Around 1675/6, Scarlet had married a widow, Ann Green (widow of William Greene Jr., who was affiliated with Lawrence who rebelled in Bacon's Rebellion), and in his lifetime had given half his Deep Hole farm to his stepson Joseph Green. Ann Green Scarlett also had two daughters: Anne who married Edward Barton, and Lettice married Edward Smith (and had 3 children before being widowed) then remarried around 1695 to Burr Harrison (1668–1715). Anne Green Scarlett bequeathed the 740 acre Deep Hole property to her son Joshua Green in October 1696, and the rest of the former Normansell property to Edward Barton. When Joshua Green died childless, the property passed to Lettice Green Smith Harrison, who died probably in 1699, since Harrison petitioned the Stafford Court to become the guardian of his late wife's three children. In 1765 Lettice's great-grandson John Hancock sold the property to Col. John Tayloe.

== Recent history ==
Early in the 20th century, while the house had long vanished, the family' graveyard remained near the end of Dawson's Beach Road, about two miles from the former ferry at "Woodbridge" in what eventually became the Occoquan Bay National Wildlife Refuge.The Works Progress Administration noted gravestones for Scarlett and a relation with a mostly illegible name which referenced a 1698 death date. While the original historian thought the next most legible name was "John", modern archeologists believe that it was for his widow ("relict") since it mentioned a marriage as well as the 1698 death date, and no records indicate that Martin and Ann had any children together. In 1902 tombstones from the graveyard desecrated during the Civil War were found at the mouth of Occoquan Creek.
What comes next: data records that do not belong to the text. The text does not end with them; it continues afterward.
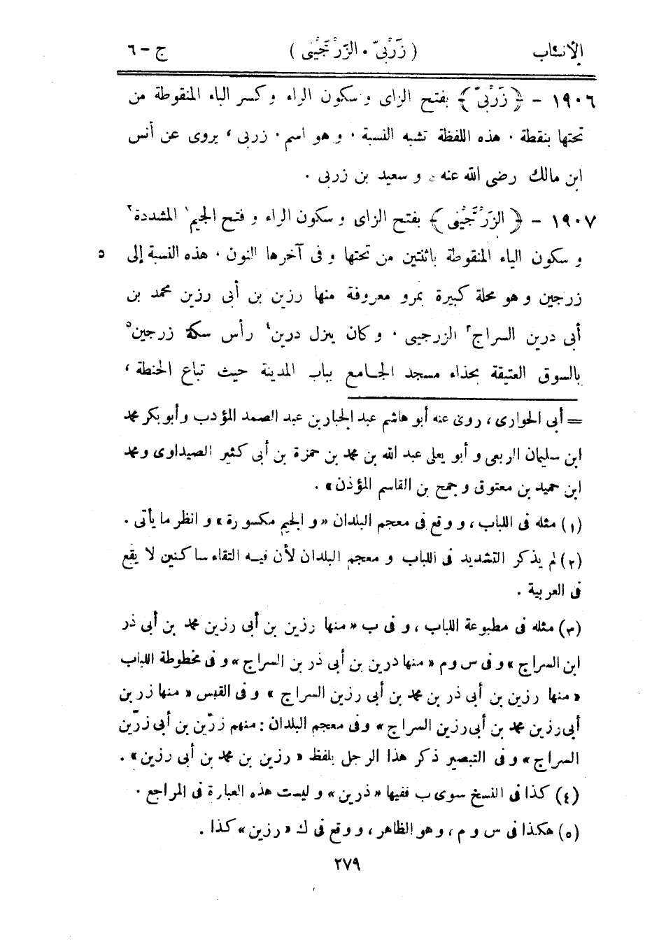 بفتح الزاى وسكون الراء وفتح الجيم [1] المشددة [2] وسكون الياء المنقوطة باثنتين من تحتها وفي آخرها النون. هذه النسبة إلى زرجين وهو محلة كبيرة بمرو معروفة منها رزين بن أبى رزين محمد بن أبى درين السراج [3] الزرجينى، وكان ينزل درين [4] رأس سكة زرجين [5] بالسوق العتيقة بحذاء مسجد الجامع بباب المدينة حيث تباع الحنطة،
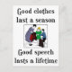 Good clothes last a season, good speech lasts a lifetime. Vintage school book artwork from the 1920's of a woman with two children. This nostalgic saying teaches the importance of English grammar.
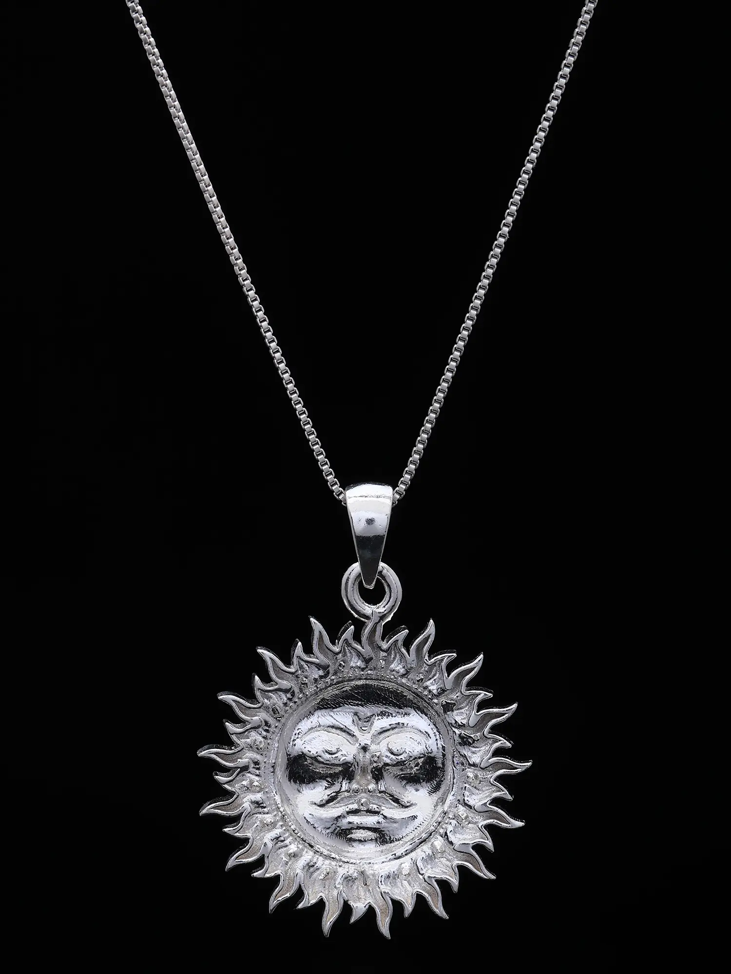 This is more than just a pendant; it's a statement. Expertly crafted, this piece captures the essence of the sun in stunning detail. Each ray emanating from the central face is meticulously sculpted, giving the impression of dynamic movement and energy. The solid construction lends a substantial feel, promising durability and lasting beauty. Its subtle shine catches the light beautifully, making it a conversation starter and a unique addition to any jewelry collection. The design balances intricate artistry with a touch of mystique, making it suitable for a variety of styles and preferences.
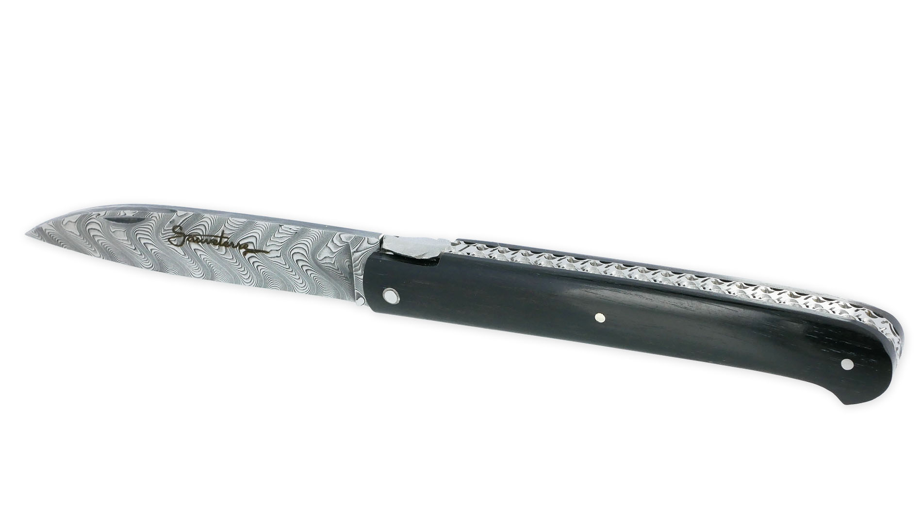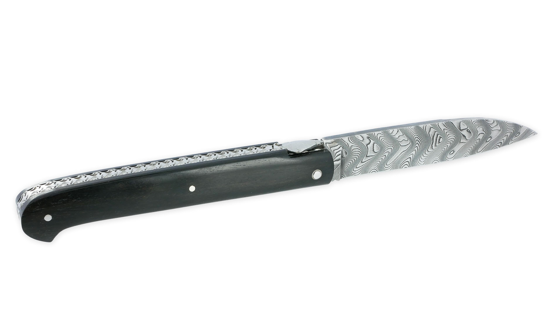 Ce couteau Sauveterre en Ebène et Damas est bien plus qu’un simple couteau pliant :
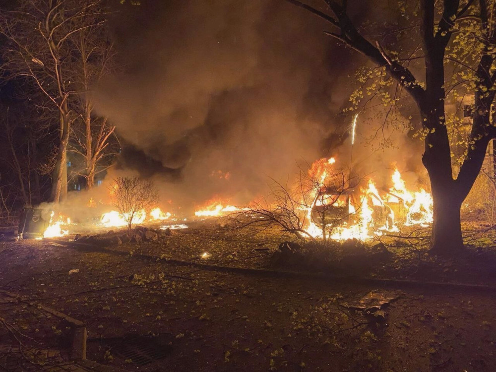 У вечірній час у вівторок, 8 квітня, армія РФ здійснила напад на місто Дніпро за допомогою ударних безпілотників. Внаслідок цього у місті почалася пожежа, про що повідомили Сергій Лисак, голова Дніпропетровської ОВА, та мер Борис Філатов.
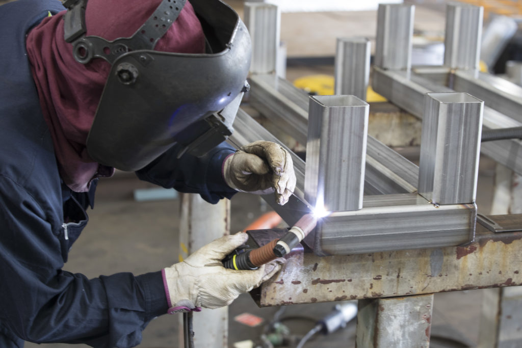 本社工場にて配管溶接
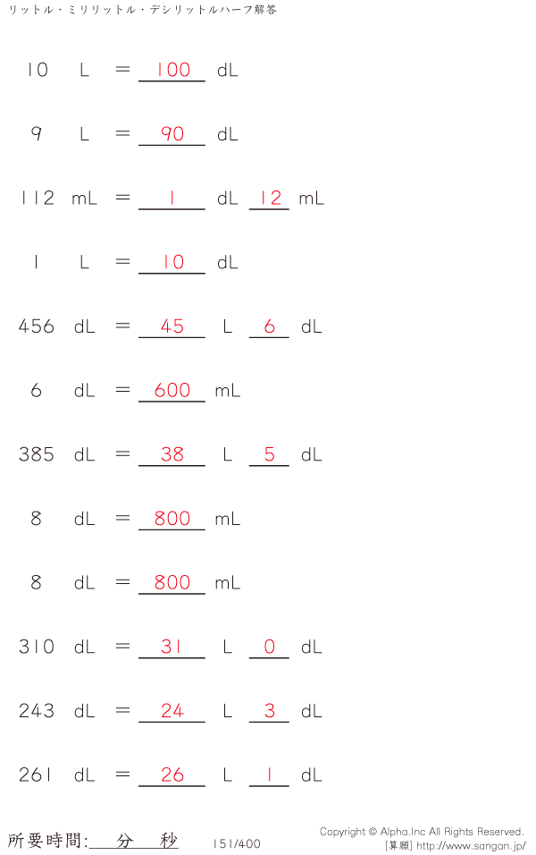 リットル・デシリットル・ミリリットル@12 [解答]151/400
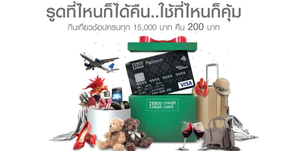 รูดที่ไหนก็ได้คืน..ใช้ที่ไหนก็คุ้ม ไม่ว่าจะกิน ช้อป เที่ยว ครบทุก 15,000 บาท คืน 200 บาท สิทธิพิเศษจากบัตรเครดิตเทสโก้ โลตัส วีซ่า
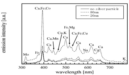 - Ohta, T.; Ito, M.; Kotani, T.; Hattori, T. Emission Enhancement of Laser-Induced Breakdown Spectroscopy by Localized Surface Plasmon Resonance for Analyzing Plant Nutrients. Appl. Spectrosc. 2009, 63, 555–558. [Google Scholar] [CrossRef]
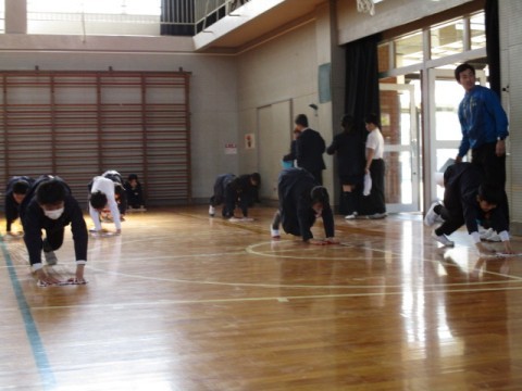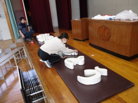 5年生の児童と職員で,卒業式の前日準備をしました。明日の卒業式では,6年生が立派に巣立ってくれることを願っています。
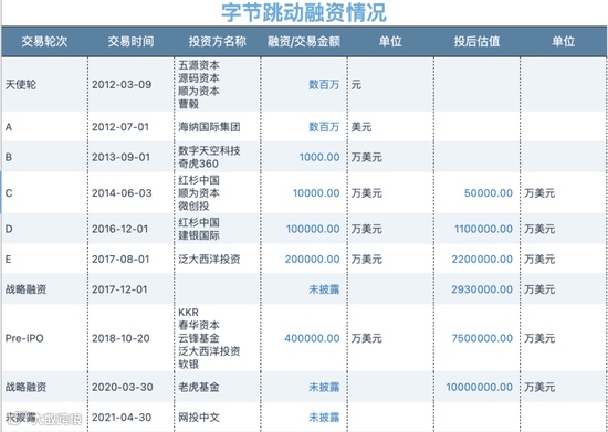 关于融资与股权架构,CVSource投中数据显示,字节跳动自2012年成立以来一共完成了10轮融资,累计金额超70亿美元,基本是以近每年一轮的融资速度发展。2014年6月的C轮融资,投后估值为5亿美元,而到2016年12月的D轮融资,投后估值已经来到110亿美元,此后以每年翻倍的速度增长。
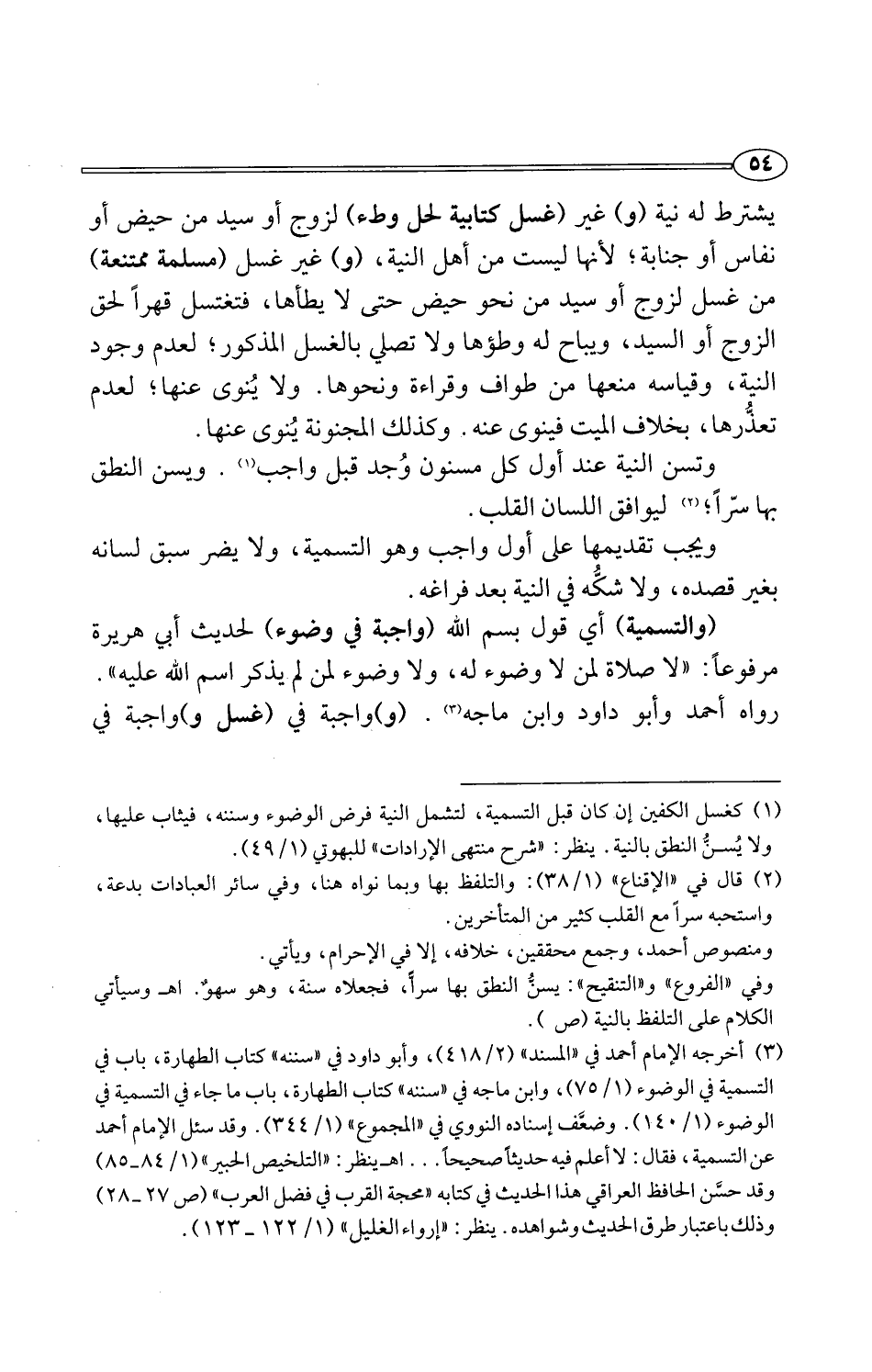 (¬3) أخرجه الإمام أحمد في "المسند" (2/ 418)، وأبو داود في "سننه" كتاب الطهارة، باب في التسمية في الوضوء (1/ 75)، وابن ماجه في "سننه" كتاب الطهارة، باب ما جاء في التسمية في الوضوء (1/ 140). وضعف إسناده النووي في "المجموع" (1/ 344). وقد سئل الإمام أحمد عن التسمية، فقال: لا أعلم فيه حديثًا صحيحًا. . . اهـ ينظر: "التلخيص الحبير" (1/ 84 - 85) وقد حسَّن الحافظ العراقي هذا الحديث في كتابه "محجة القرب في فضل العرب" (ص 27 - 28) وذلك باعتبار طرق الحديث وشواهده. ينظر: "إرواء الغليل" (1/ 122 - 123).

By this time the farm had been acquired by John Lindsay Dawson (1877 to 1967) of Fairfax County, who raised cattle and wheat and operated a fishery, and used the two tombstones to delineate the corners of his farm on Occoquan and Marumsco Creeks. In 1950 the Department of the Army purchased 648.61 acres known as Deep Hole farm, and built the Woodbridge Research Facility (a/k/a/ Harry Diamond Lab), which was transferred to the Interior Department's Fish and Wildlife Service in the early 2002. Thus, while Scarlett's actual resting place on what was once his plantation has been lost, his tombstone was moved south in 2005 to the cemetery at Rippon Lodge, on the National Register of Historic Places and currently operated under the authority of Prince William County's Historical Preservation Division.